And secondly, constructing a feature vector representation method and calculating a weight value of the response tag.
The dimension of the feature vector is a fixed value set in advance according to the tag type, and here, an example may be 6 dimensions, and the information represented by each dimension is a weight value represented by the tag type, < link, style, script, div, img, video >.
And determining the weight value corresponding to each label type according to a preset rule. Specifically, the weight value represents the importance degree of the corresponding tag type in the web page, each occurrence of the tag type is assigned a weight value, the final weight value is the accumulation of the weight values of the feature unit occurrences, the weight values of the feature unit occurrences in the web page are determined by a predetermined rule, and the method comprises the following steps:
the weight value of the tag type is decreased along with the depth difference of the tag type in the DOM tree from the first occurrence, because on the web page DOM tree, the probability that different tag types appear in the same layer is different, and if the absolute depth decrease method is adopted, the weight value of part of the tags is too low. In practical applications, the weight values of the feature cells may be determined in an equal-ratio decreasing manner, and only feature cells within a limited depth are considered,
for example, the weight value of the highest layer occurrence of each tag type is preset to 1.0, if the layer where the tag type is the highest layer where the tag type is the second occurrence is still 1, and if the relative deviation of the layer where the tag is the second occurrence from the highest layer is 2, the weight value is multiplied by the square of the attenuation factor (assuming that the attenuation factor is preset to 0.5).

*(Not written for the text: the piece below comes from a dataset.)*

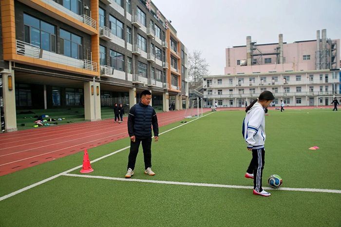 每天下午,钱中的足球场便成了女足姑娘们的天地。夕阳的余晖洒在绿茵场上,映照出她们奔跑的身影,汗水顺着脸颊滑落,浸湿了球衣,却浇不灭心中的热爱。黄老师总是早早来到球场,整理训练器材,等待队员们集合。训练从最基础的热身开始,高抬腿、侧滑步、拉伸韧带,他一遍遍示范,提醒大家注意动作规范,避免受伤。对于颠球、传球、停球、射门这些基本功,黄老师要求格外严格,他知道,扎实的基础是提升球技的关键。
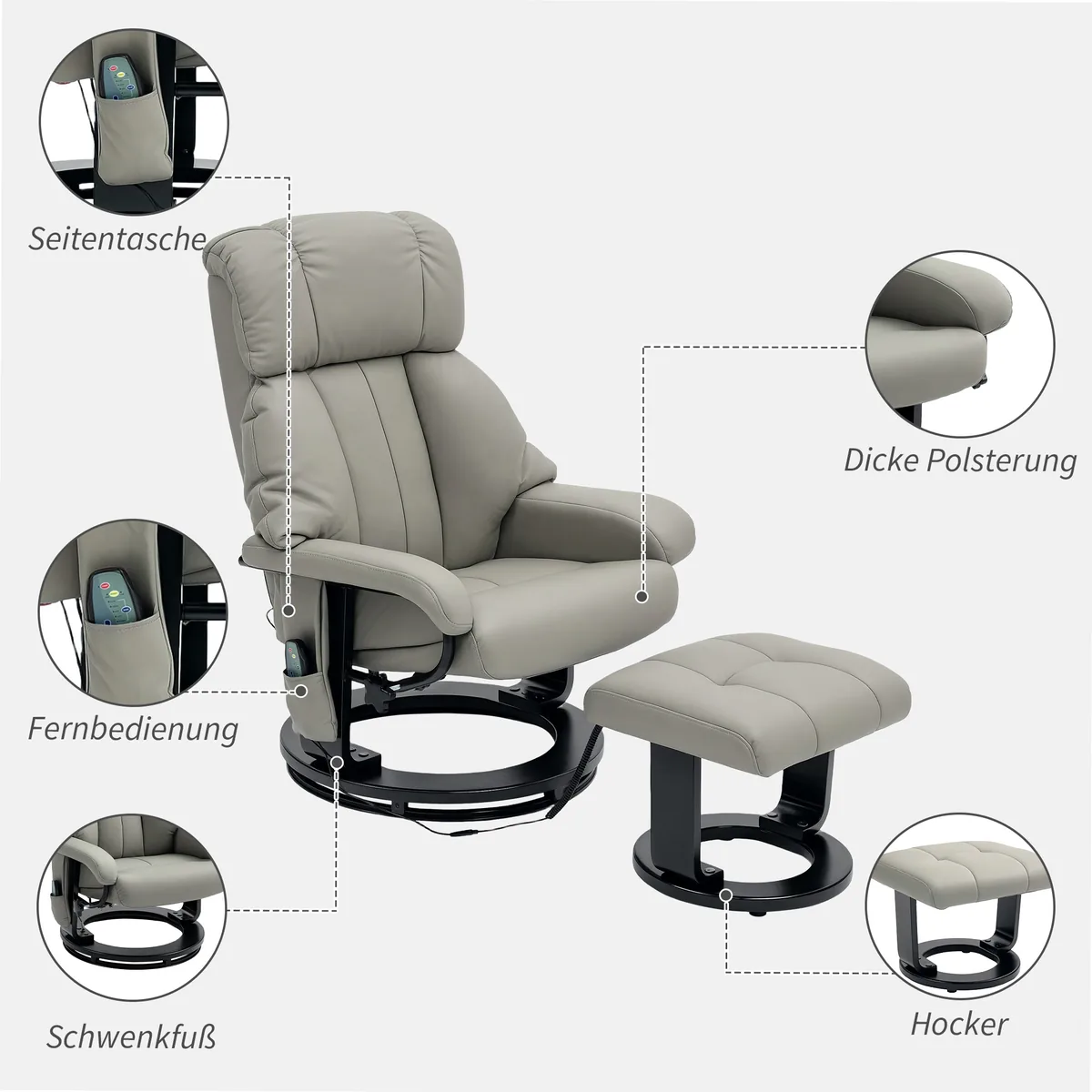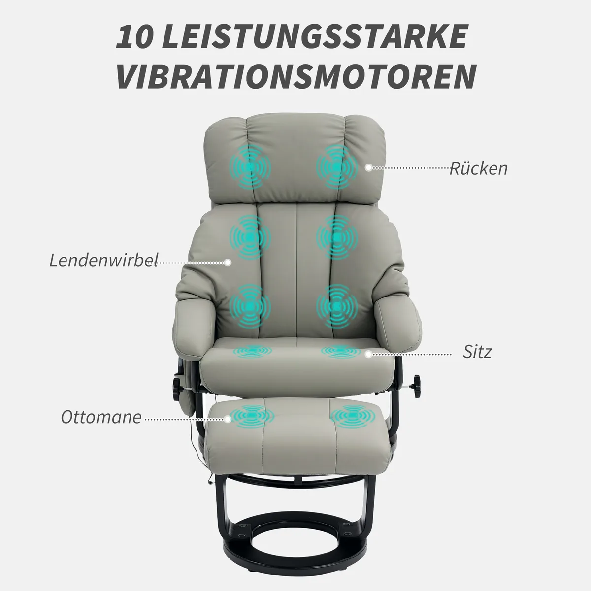 - ✔ 10 siūbuojamų masažo taškų (6 nugaroje, 2 sėdynėje, 2 taburete)

Finally, calculating the feature vector of the HTML file
After the weight value of the tag feature is determined, the real value of the tag type in the dimension of the feature vector is determined according to the weight value of the tag type in the DOM tree, and the feature vector corresponding to the web page DOM tree is determined accordingly.
For example, the link, style, script, video labels in the above example all appear at the same layer, and by simple superposition, partial eigenvectors <2,4,5, div, img,0> can be calculated. For div, the second layer appears 2 times, the superposition weight is 1×1×2=2, the third layer appears 1 time, the superposition weight is 1×0.5×1=0.5, and the final weight is 2+0.5=2.5. A similar img final weight is 1.5. Thus, the final eigenvector <2,4,5,2.5,1.5,0> can be derived
Step 202: calculating feature vectors according to the CFG (Control Flow Graph ) of JS; the specific implementation is based on an open source toolkit, for example, the JS file is analyzed through an ast-flow-graph, and a control flow graph of all functions can be directly generated.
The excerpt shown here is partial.